Feature

Agencies warned over rising costs

The latest Kingston Smith W1 survey shows economic conditions are improving in adland, but agencies still need to keep an eye on costs, Ian Graham writes.

The UK’s top 50 advertising agencies have reported a very mixed set of results in the most recent Kingston Smith W1 survey.

The industry grew 3.5 per cent annually and the total income generated was up again, to more than £1.3 billion – although, surprisingly, the rate of growth slowed significantly.

Given that most results are for the calendar year 2012, this news is perhaps unexpected, but it is explained by a lower-than-normal amount of consolidation within the top 50.

The growth was spread fairly evenly throughout the industry, although special mention should go to Inferno, which continued to blaze a trail – growing its gross income by two-thirds in the year ended 31 March 2012 on the back of 50 per cent growth in the previous 12 months.

Operating profit suffered last year despite the general increase in income.
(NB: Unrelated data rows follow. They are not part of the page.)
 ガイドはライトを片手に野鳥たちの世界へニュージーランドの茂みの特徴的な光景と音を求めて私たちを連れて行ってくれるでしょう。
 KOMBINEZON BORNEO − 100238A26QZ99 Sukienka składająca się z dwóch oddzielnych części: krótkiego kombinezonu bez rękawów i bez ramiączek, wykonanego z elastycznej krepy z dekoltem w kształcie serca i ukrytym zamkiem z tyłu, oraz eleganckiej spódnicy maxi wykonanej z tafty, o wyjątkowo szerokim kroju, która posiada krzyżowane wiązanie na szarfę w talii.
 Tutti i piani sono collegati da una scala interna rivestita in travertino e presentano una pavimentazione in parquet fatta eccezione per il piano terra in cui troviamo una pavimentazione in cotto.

The total profit generated fell 6 per cent across the industry, with operating profit margins dropping 0.9 per cent.

The average operating profit margin, 11.2 per cent, is the lowest reported in the survey since 2006.  At Kingston Smith, we believe the benchmark target for operating profit margin should be 15-20 per cent. Clearly, there remains some work for the top 50 as a whole to do.

This fall in profit margins was driven by agencies spending more of their income on staff costs, as well as an increase in property and other non-staff expenditures.
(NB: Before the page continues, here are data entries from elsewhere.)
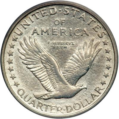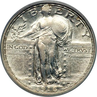 1916 Liberty Standing Quarter Dollar. PCGS graded AU-53. Popular key date. A nice untoned example. The standing Liberty quarter was introduced in 1916 to replace the Barber design of 1892-1916, and was "intended to typify in a measure the awakening interest of the country to its own protection," Mint Director von Engelken said at the time the coins first appeared early in 1917. "In the new design Liberty is shown a full-length figure, front view, with head turned toward the left, stepping forward to the gateway of the country .The left arm of the figure of Liberty is upraised, bearing the shield in the attitude of protection, from which the covering is being drawn. The right hand bears the olive branch of peace.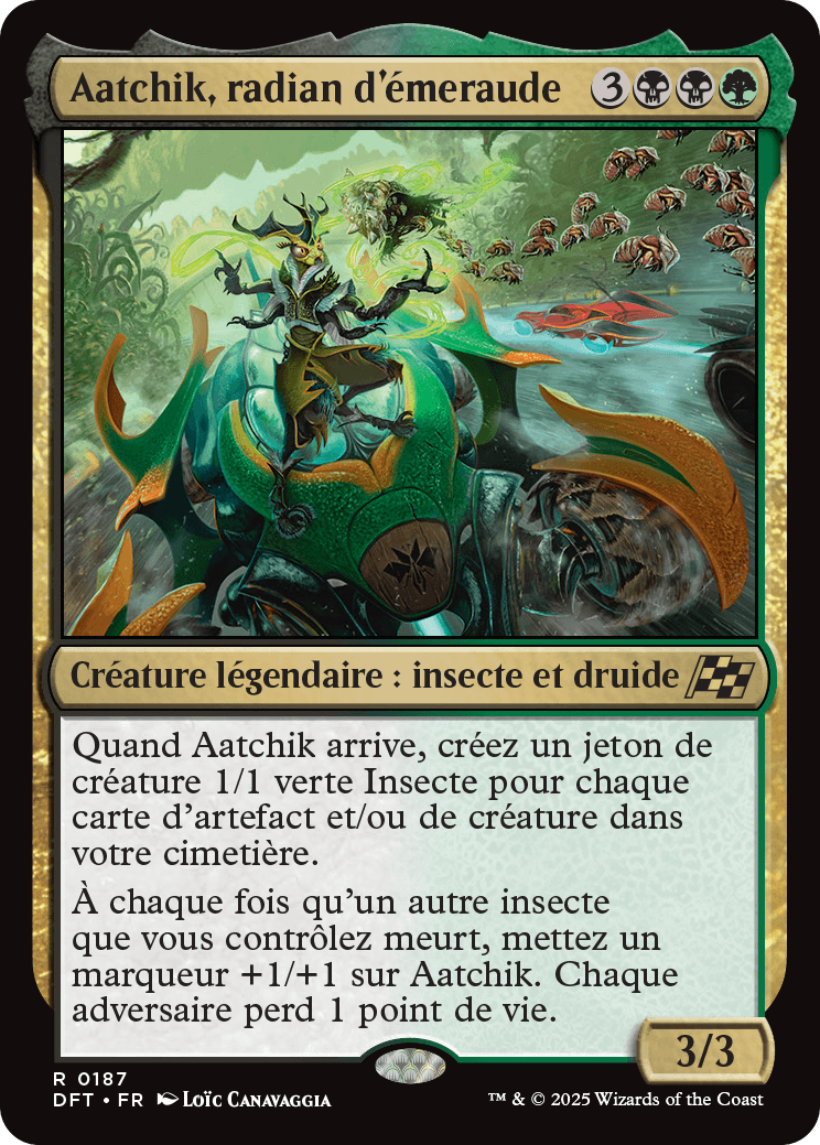 Quand Aatchik arrive, créez un jeton de créature 1/1 verte Insecte pour chaque carte d'artefact et/ou de créature dans votre cimetière.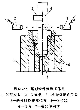 鋼球缺件檢測工作頭,圖60-37所示工作頭應(yīng)用光電檢測鋼球缺件,圖中檢測棒前端的直徑要比裝入的三個(gè)均布鋼球的內(nèi)接圓直徑略大。裝配正常時(shí),檢測棒不能通過;當(dāng)缺少一個(gè)鋼球時(shí)則可通過。用光電檢測棒所在的軸向位置,即可判斷是否缺件。

Yet the average salary across the industry actually fell 1.3 per cent over the year, due to an increase in the number of relatively junior staff and continued wage restraint.
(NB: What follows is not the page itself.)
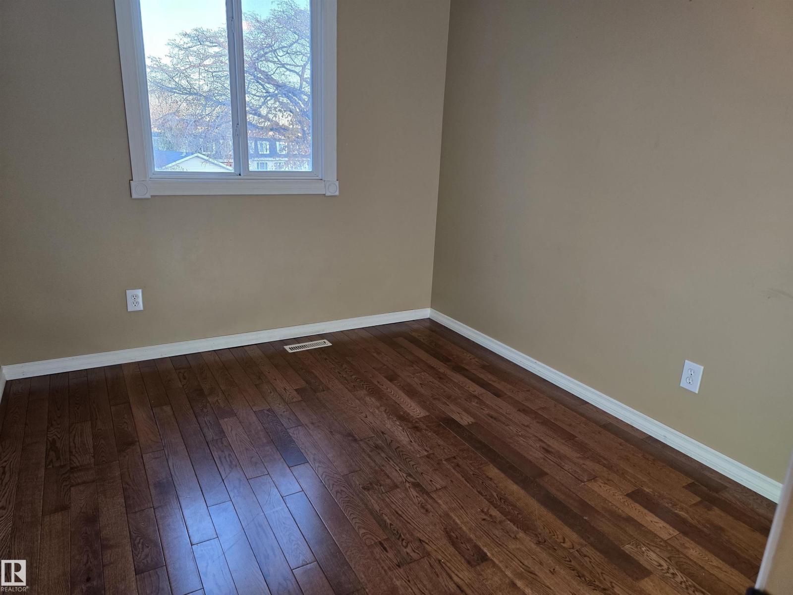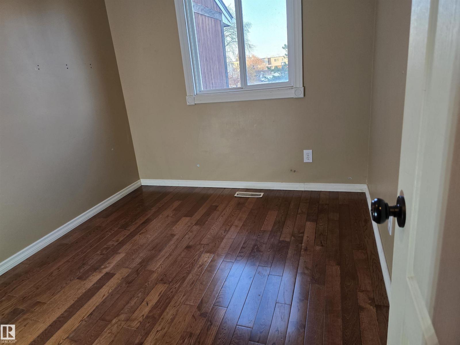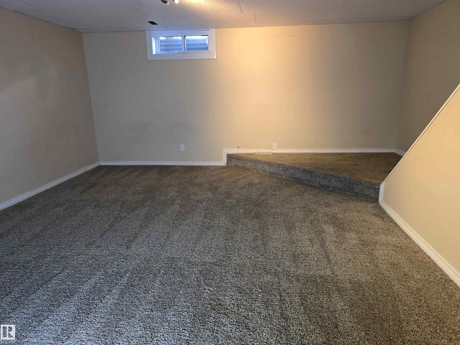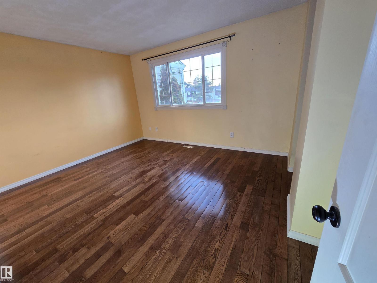 This 3+1 bedroom, 1.5 bath, 1,045 sq ft two-storey townhouse offers a warm and inviting layout with a finished basement that includes an additional bedroom. The main floor features hardwood flooring throughout the living and dining areas, while the kitchen and bathrooms both have tile flooring. Enjoy an updated maple kitchen with plenty of cabinet space, newer carpet in the basement, and a spacious primary bedroom with a walk-in closet. The fenced backyard provides a private outdoor space for relaxing or entertaining. Additional updates include vinyl windows, a newer high-efficiency furnace. Comes with two energized parking stalls. Conveniently located in the desirable Thorncliffe neighborhood—just blocks from West Edmonton Mall, schools, and transit. (id:42720)

However, these savings were erased by a general rise in employee numbers, either to service existing work or, possibly, in anticipation of future growth.

We recommend agencies spend no more than 55 per cent of their income on staff costs. Of the 18 companies that achieved this target, 14 went on to record a healthy operating profit margin of more than 15 per cent.

The increase in staff numbers also had an impact on productivity, with the key measure (amount of income generated per head) falling slightly to £110,000.

If the increase in headcount is indeed an investment in future growth, then this figure should improve in the coming years.

Six agencies – Adam & Eve (prior to its merger with DDB), Abbott Mead Vickers BBDO, Beattie McGuinness Bungay, Saatchi & Saatchi, The Red Brick Road and Publicis – stood out by meeting our three most important financial targets.

They all generated in excess of £120,000 of income per employee, kept staff costs to within 55 per cent of their income and reported an operating profit margin of more than 20 per cent.

Operating profit generated per head is the best overall measure of a  creative business’ financial performance, and Adam & Eve once again saw off all the competition to come out as our top-ranked agency in this regard. It will be interesting to see whether that success has been transferred into the new combined business.

Predicting what the future holds is not easy but, if history tells us anything, it is that as economic conditions continue to improve, so the demand for great creative work will continue to pick up. For those ad agencies that can attract this work, it will, in turn, lead to a shortage of talent in some key areas.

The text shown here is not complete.